The secret to business is buy low and sell high. Canadian holding company MCW Energy Group hopes to do that by economically separating the petroleum from oil sands and then selling it at market rates of double to triple the processing costs.

The company uses a patented closed-loop technology that treats the sands with a solvent that helps remove the oil. The oil and solvent are separated, with the latter recycled for the next batch of production. According to CEO Gerald Bailey, the finished sand is 99.9 percent clean and can be put back on the ground.

The company currently has 1,000 acres in Vernal, Utah, about a 173-mile drive east of Salt Lake City. "Those sands run about 12 percent oil," said Bailey, who has a doctorate in chemical engineering. "It looks like black sand. You can pick it up and it's dry, but it's dirty with oil in it."

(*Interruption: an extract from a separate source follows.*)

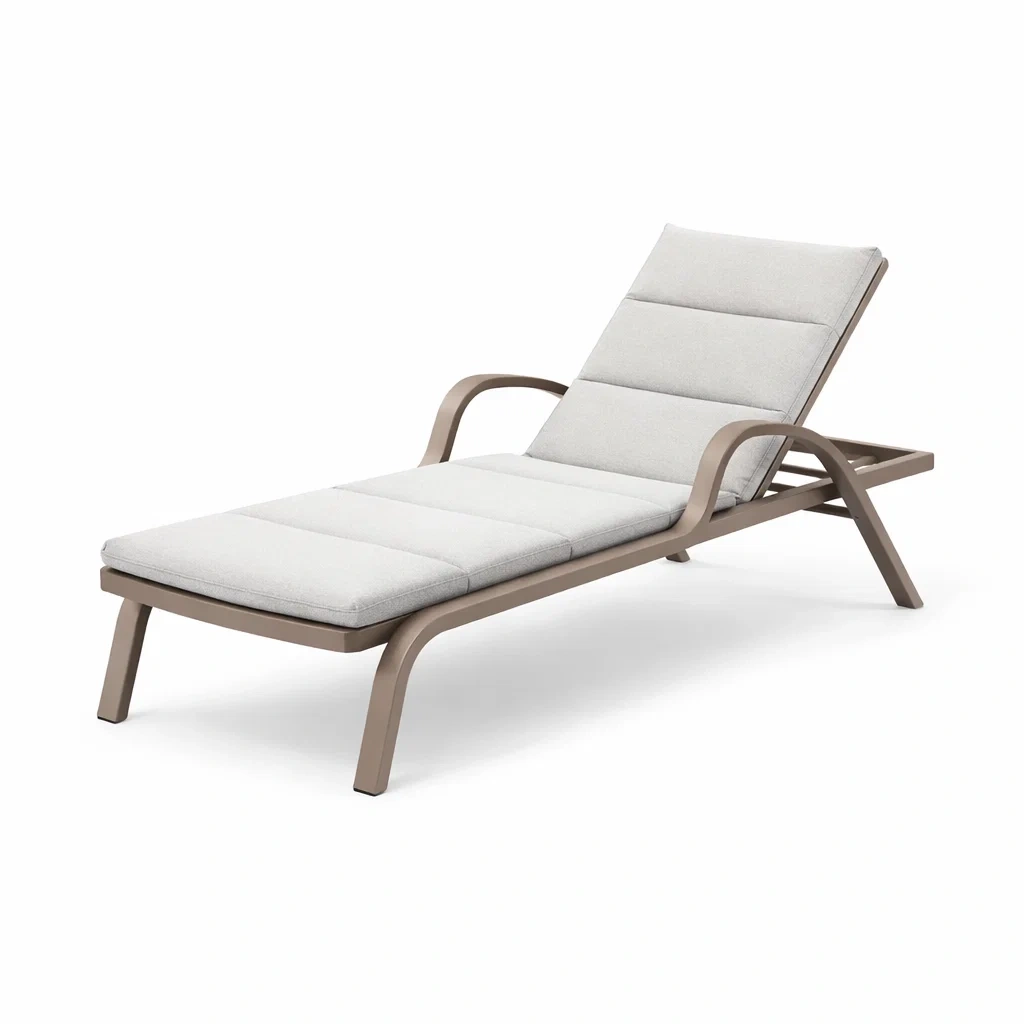 Schienale regolabile e braccioli curvi. Protetto dai raggi UV e resistente all'acqua per uso esterno.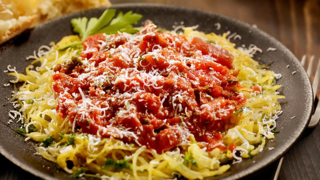 Surprise your family with this fun and delicious dish that boasts a secret ingredient: spaghetti squash. You’ll get more nutrition than you might believe possible from a “pasta” dish. Serve with grilled chicken and a tossed salad.

An $8 million plant using the process can produce 250 barrels of oil a day at a cost of between $30 and $35 a barrel. "Conventional oils typically will run up to $20 a barrel," he said. Although crude oil prices have plummeted from almost $100 a barrel to about $75 since September, that would still let MCW make a significant profit.

"There are hundreds of little oil companies that make a good living off of 250 barrels a day," Bailey said. But MCW sees its first plant as a proof of concept and is currently raising money to build a $70 million plant that could produce 5,000 barrels daily.

In 2006, MCW acquired a Southern California oil distribution business that dates back to the 1930s, which brought products from refineries to gas stations. The business grossed more than $400 million last year, according to Bailey.

"A couple of the founders also came across the technology for oil sands extraction out of some operations being done by the government in Russia," Bailey said. The Russians had developed a process to remove oil from sand as a way to remediate environmental problems like oil spills.

MCW realized that a variation on the technology could also produce oil from the sands. Because it uses a closed-loop system, it generates no by-products to cause environmental hazards, like the pools of waste water left in Western Canada after tar sands extraction.

At the heart of the process is an organic solvent called a surfactant. It reduces the surface tension between the oil and sand, much the way a dish detergent reduces the bond between a spot of grease and a plate. Heat exchangers warm the slurry (like using hot water when doing the dishes). The sand drops to the bottom, and the oil and solvent mixture are piped to a tank where they are separated.

The solvent is then used for the next batch of sand, while the oil is piped to a tanker and brought to a refinery. MCW returns the cleaned sand to the ground, although in theory it could be sold as an additional by-product.

Although oil sands are sometimes compared to Canadian tar sands, there are some significant differences. The oil sands are on the surface, rather than underground, so they don't require mining and injection of water to force the oil to the surface. Bailey also said production costs in Canada are between $55 and $60 per barrel, 70 percent higher than MCW's process.

The company plans on acquiring another 3,000 acres of land in Utah that has an estimated 80 million barrels of oil available. It's also in contact with a number of countries that have oil sands and are potentially interested in their own refineries.